**To do**
Exactly the lines from the one with "2016 TINGS event." through the final line of the entries, and nothing else, should appear in the answer; no pictures go in it.

**Provided records**
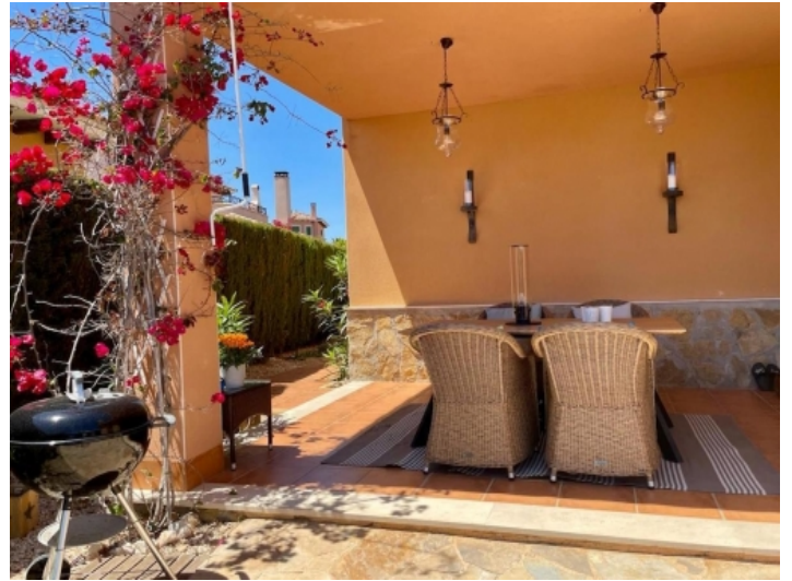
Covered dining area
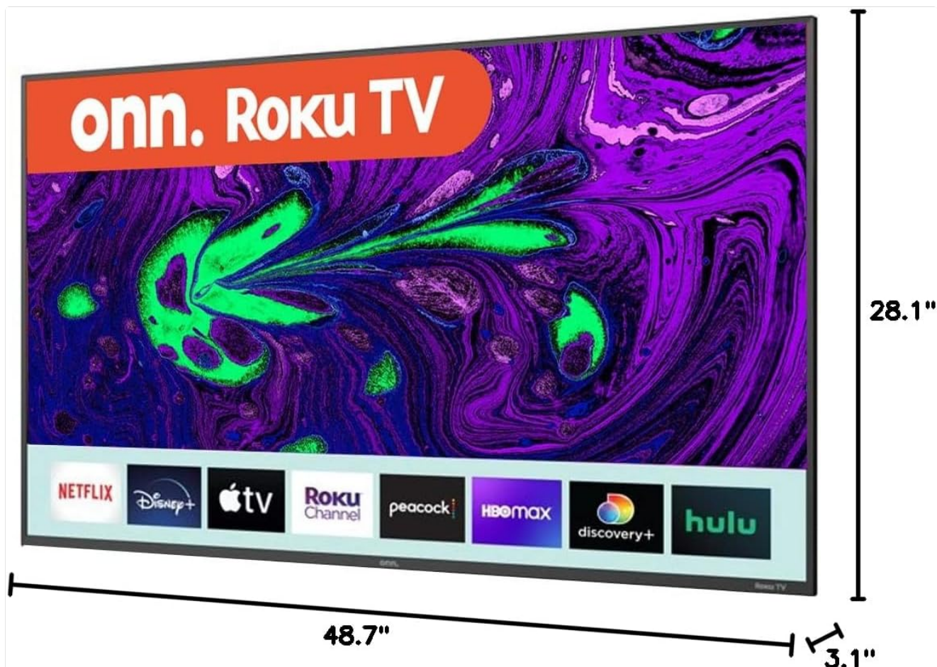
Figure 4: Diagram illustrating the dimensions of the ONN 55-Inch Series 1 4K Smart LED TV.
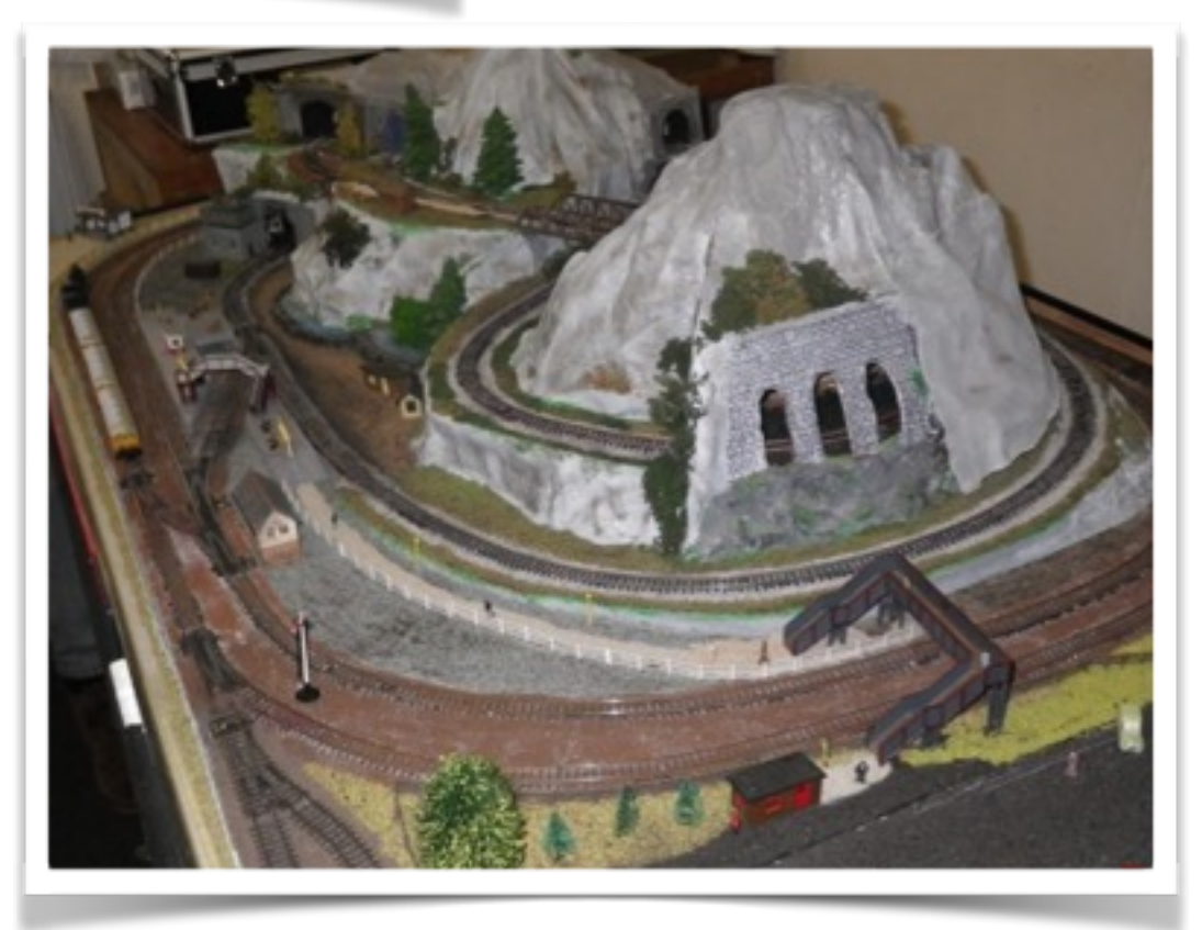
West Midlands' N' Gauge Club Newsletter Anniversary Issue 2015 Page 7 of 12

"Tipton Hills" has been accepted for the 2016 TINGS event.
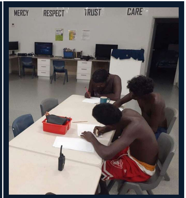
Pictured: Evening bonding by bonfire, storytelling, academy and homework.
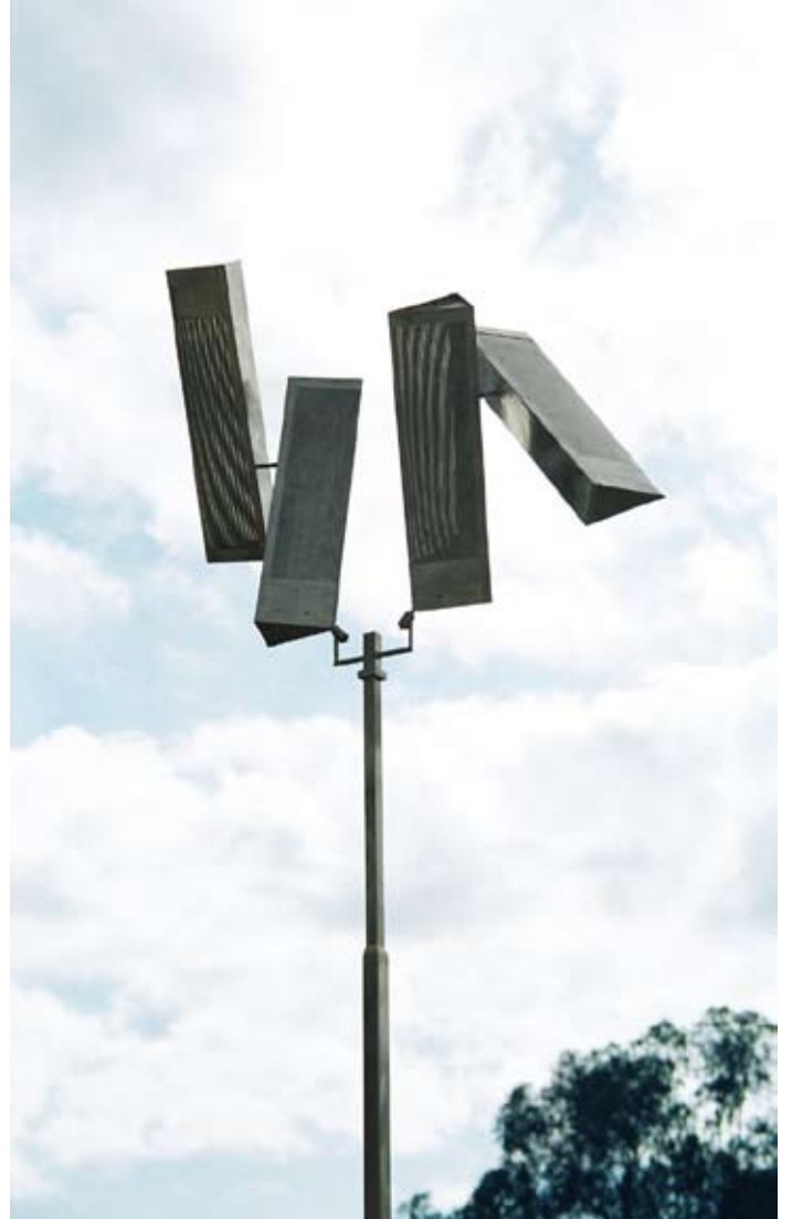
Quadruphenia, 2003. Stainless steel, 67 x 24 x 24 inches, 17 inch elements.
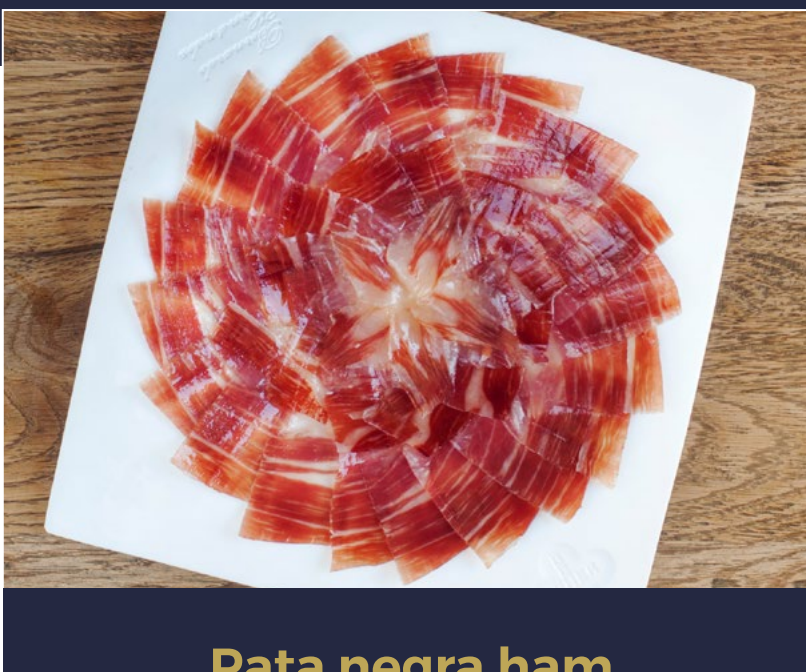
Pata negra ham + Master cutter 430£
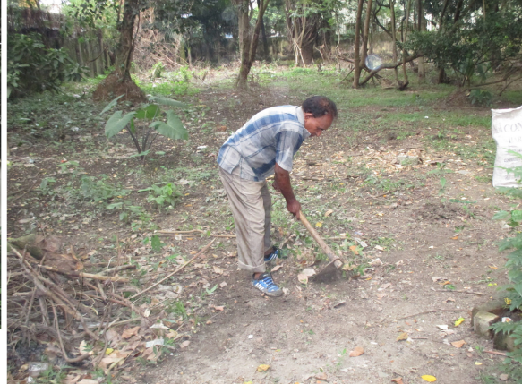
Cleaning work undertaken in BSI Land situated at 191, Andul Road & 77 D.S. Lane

**Solved exercise**
"Tipton Hills" has been accepted for the 2016 TINGS event.
Pictured: Evening bonding by bonfire, storytelling, academy and homework.
Quadruphenia, 2003. Stainless steel, 67 x 24 x 24 inches, 17 inch elements.
Pata negra ham + Master cutter 430£
Cleaning work undertaken in BSI Land situated at 191, Andul Road & 77 D.S. Lane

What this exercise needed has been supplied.